Collected material below:

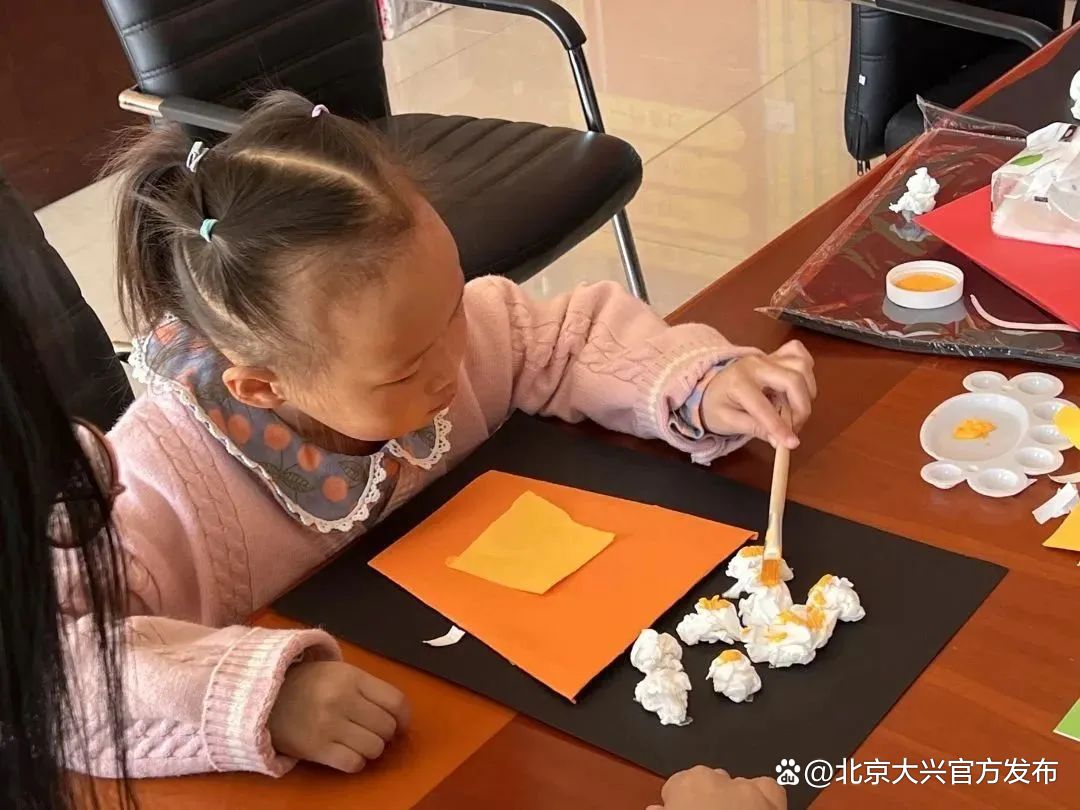 活动中,老师带领大家逐一认识所用材料,展示“爆米花”制作步骤,“我们先将材料团一团、粘一粘,再涂上颜色。”随着老师的讲解,一颗洁白可爱的“爆米花”就出现在纸上。制作过程中,老师一边指导孩子们正确使用各种工具,一边鼓励大家仔细观察、发挥想象,制作自己心中的“爆米花”。
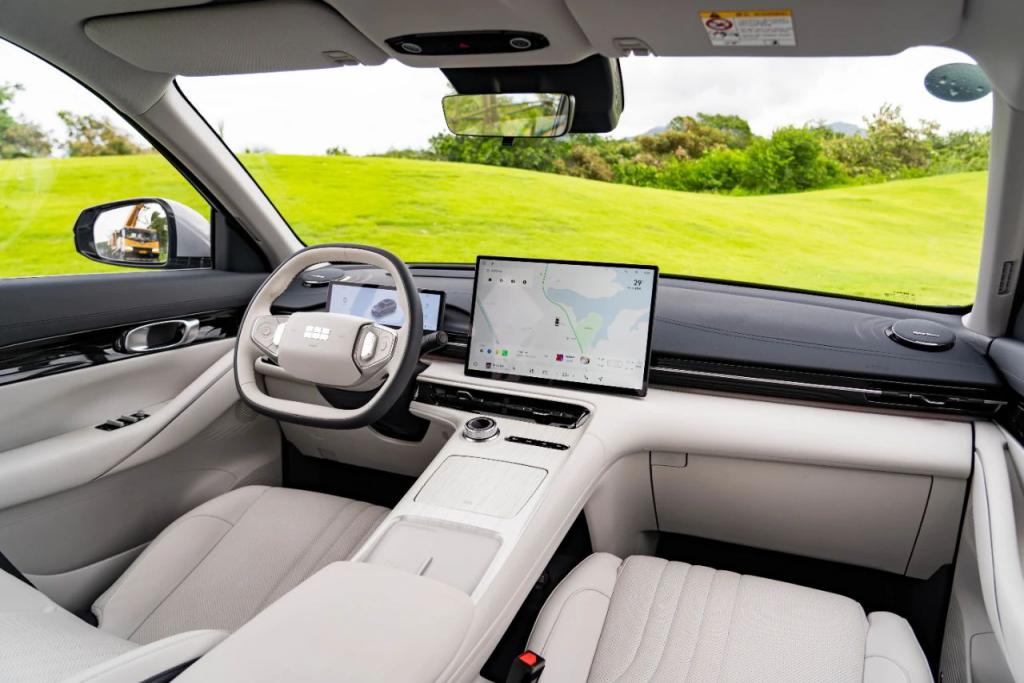 10.2 英寸全液晶仪表前方是 13.8 英寸的 HUD 抬头显示,可显示车速、车道、导航、交通标识与 L2 驾驶辅助信息。15.4 英寸 2.5K 中控屏采用 LTPS LCD 与 Incell 技术的液晶面板,分辨率为 2560 × 1600,PPI 可达 197,峰值亮度 800nit,内置 7nm 芯片 " 龍鹰一号 ",整体性能媲美骁龙 8155 的水平,运行内存达到 16G。
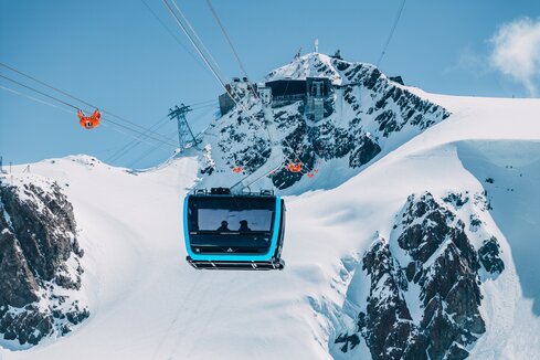 Auf knapp 3'500 Metern über Meer verläuft die komfortable Überquerung der Landesgrenze zwischen der Schweiz und Italien. Während dieser einmaligen Reise warten zahlreiche weitere Highlights entlang der Route. Auf 3'883 m.ü.M thront der höchste Gletscherpalast der Welt oder die Aussichtsplattform mit Sicht auf 38 Viertausender und 14 Gletscher in 3 verschiedenen Ländern.

End of Collected material.

## What to do:
Every line above is to be written out unchanged, with the pictures omitted.

## Answer section:
 活动中,老师带领大家逐一认识所用材料,展示“爆米花”制作步骤,“我们先将材料团一团、粘一粘,再涂上颜色。”随着老师的讲解,一颗洁白可爱的“爆米花”就出现在纸上。制作过程中,老师一边指导孩子们正确使用各种工具,一边鼓励大家仔细观察、发挥想象,制作自己心中的“爆米花”。
 10.2 英寸全液晶仪表前方是 13.8 英寸的 HUD 抬头显示,可显示车速、车道、导航、交通标识与 L2 驾驶辅助信息。15.4 英寸 2.5K 中控屏采用 LTPS LCD 与 Incell 技术的液晶面板,分辨率为 2560 × 1600,PPI 可达 197,峰值亮度 800nit,内置 7nm 芯片 " 龍鹰一号 ",整体性能媲美骁龙 8155 的水平,运行内存达到 16G。
 Auf knapp 3'500 Metern über Meer verläuft die komfortable Überquerung der Landesgrenze zwischen der Schweiz und Italien. Während dieser einmaligen Reise warten zahlreiche weitere Highlights entlang der Route. Auf 3'883 m.ü.M thront der höchste Gletscherpalast der Welt oder die Aussichtsplattform mit Sicht auf 38 Viertausender und 14 Gletscher in 3 verschiedenen Ländern.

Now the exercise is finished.